While most patients in Medicare use the traditional fee-for-service route, a growing percentage of Medicare beneficiaries are relying on managed care plans through Medicare Advantage. Medicare Advantage provides beneficiaries with additional choice and also serves as a competitive alternative to traditional Medicare. In theory, Medicare should just allocate a beneficiary’s funding to a managed care plans if patients decide that. In practice, patients in Medicare Advantage may be sicker or healthier than those in Medicare fee-for-service.
To compensate for any any differences in cost, the Centers for Medicare and Medicaid Services uses a risk adjustment approach where plans that have sicker patients get more funding and those with healthier patients get less. CMS identifies sicker patients largely based on physician-entered diagnosis codes submitted as part of the health insurance claims system. Does this provide an accurate assessment?

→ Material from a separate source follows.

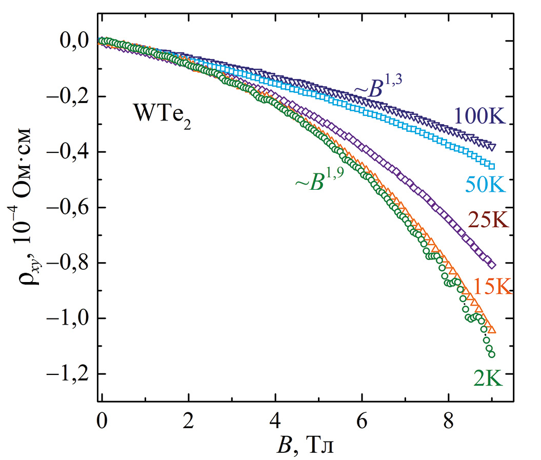 Рис. 4. Полевые зависимости холловского сопротивления ρxy(B) монокристалла WTe2 при температурах от 2 до 100 К в полях до 9 Тл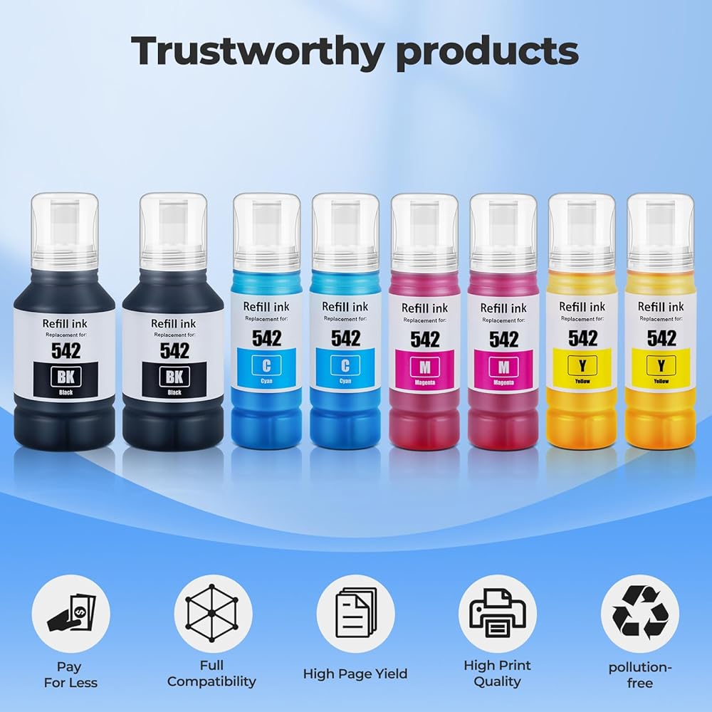 【Excellent Quality】:Replacement for epson 542 ink refills new upgraded formula ink, with the strictest quality testing, the ink is smooth and uniform, not clogging, not fading, not showing ink, and quickly drying, ensuring smooth and clean printed text and vivid image colors.

A paper by Jacbos and Kronick (2018) finds that the answer is ‘no’. Using Medicare claims and enrollment data between 2008 and 2015, they find:
Based on prescription drug utilization data, beneficiaries enrolled in [Medicare Advantage] MA in 2015 had 6.9 percent lower health risk than beneficiaries in [traditional Medicare] TM, but differences based on coded diagnoses suggested MA beneficiaries were 6.2 percent higher risk.
The reason for this is likely that Medicare fee-for-service providers do not have an incentive to document every last little diagnosis code when submitting health insurance claims. On the other hand, because of risk adjustment, managed care plans do have this incentive to include more diagnoses. Further, providers in managed care plans may “upcode” to more severe diagnosis codes when there is some doubt over uncertainty.
A few solutions to this problem could be proposed. One option would be to use prescription drug utilization to inform risk adjustment. While accuracy would increase, it would create a much more problematic moral hazard. It could be the case that providers would be incentivized to prescribe certain drugs because the would help improve risk-adjustment payments from CMS. While improper documentation of diagnosis codes is a problem, getting patients the wrong treatment or treatments they don’t need is much more problematic. Another option would be to eliminate Medicare Advantage. This would solve the selection problem but would decrease the utility of the large number of beneficiaries who are now choosing Medicare Advantage. A third alternative–and the likely least bad–would be to make marginal improvements in risk adjustment and perform some additional review of the diagnosis codes included health insurance claims.
While inaccurately characterizing the health status of Medicare Advantage beneficiaries is problematic and costly to CMS, major overhauls to current approach may be even more problematic.
- Jacobs, Paul D., and Richard Kronick. “Getting What We Pay For: How Do Risk‐Based Payments to Medicare Advantage Plans Compare with Alternative Measures of Beneficiary Health Risk?” Health services research (2018).